Edel Assanti, London | June 5 – August 14, 2026
Edel Assanti announced Dale Lewis’s return to London with these words: “The artist’s fourth exhibition with the gallery and his first solo show in London in five years.” After a five-year hiatus, this statement sounds dry and neutral. But when you look at the paintings, you understand just how much has been packed into those five years.
Lewis is a well-known voice for his large-scale figurative paintings—intertwining class reality, East London, and daily life with the compositional frameworks of the Old Masters. But this time is different. The exhibition press release states it clearly: the works are crafted not with “sardonic wit” and dark humor, but with an intimate simplicity. His previous works used to present us with a caricature; these paintings speak of themselves.
The subject matter: his late grandfather, family friends, the father of a former lover, Lewis himself. Each portrait is a gesture that brings the private into existence within the public sphere. And out of those gestures emerges a familiar Britain: frantic rage, weariness, despondency. But this time, it is a Britain viewed from the inside.
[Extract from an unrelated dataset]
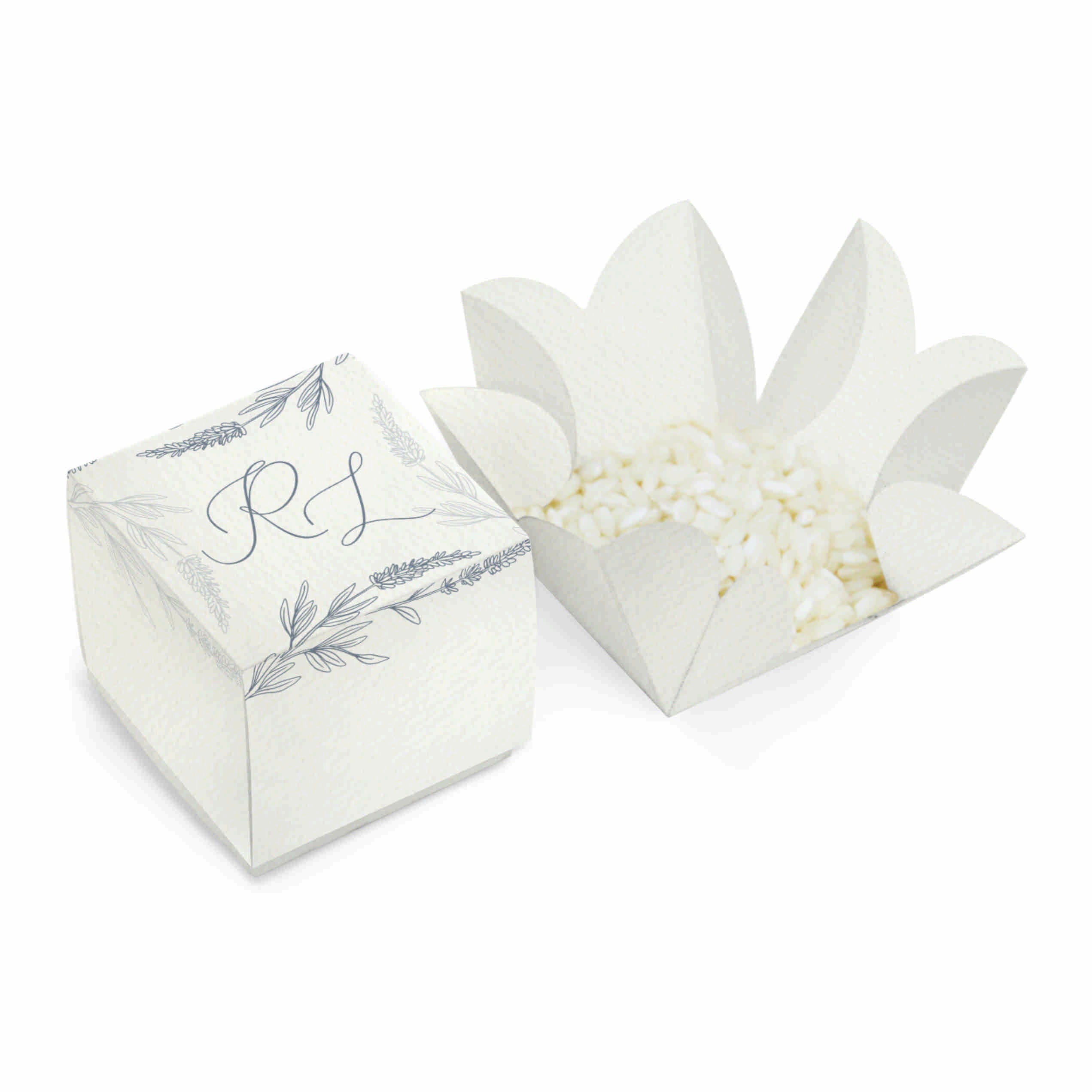 Scatolina per matrimonio portariso o confetti, di forma quadrata 4x4 cm, personalizzata con iniziali sposi, in coordinato con il modello di partecipazione F1759 All'interno è possibile inserire una bustina porta riso (non compresa) tema grafico lavanda

The standout work is Horizon (2025). Lewis says the following about this painting:
“It can also be read as an abstract landscape or a horizon line—individuals or groups, the dead or the living, as organic matter we are all part of that line.”
In other words, this is not a catalogue of portraits, but a collective mourning. A sifting of a nation, of everyday people, of invisible lives.
Illusions are lost. And sometimes, within that loss, the real thing finally becomes visible.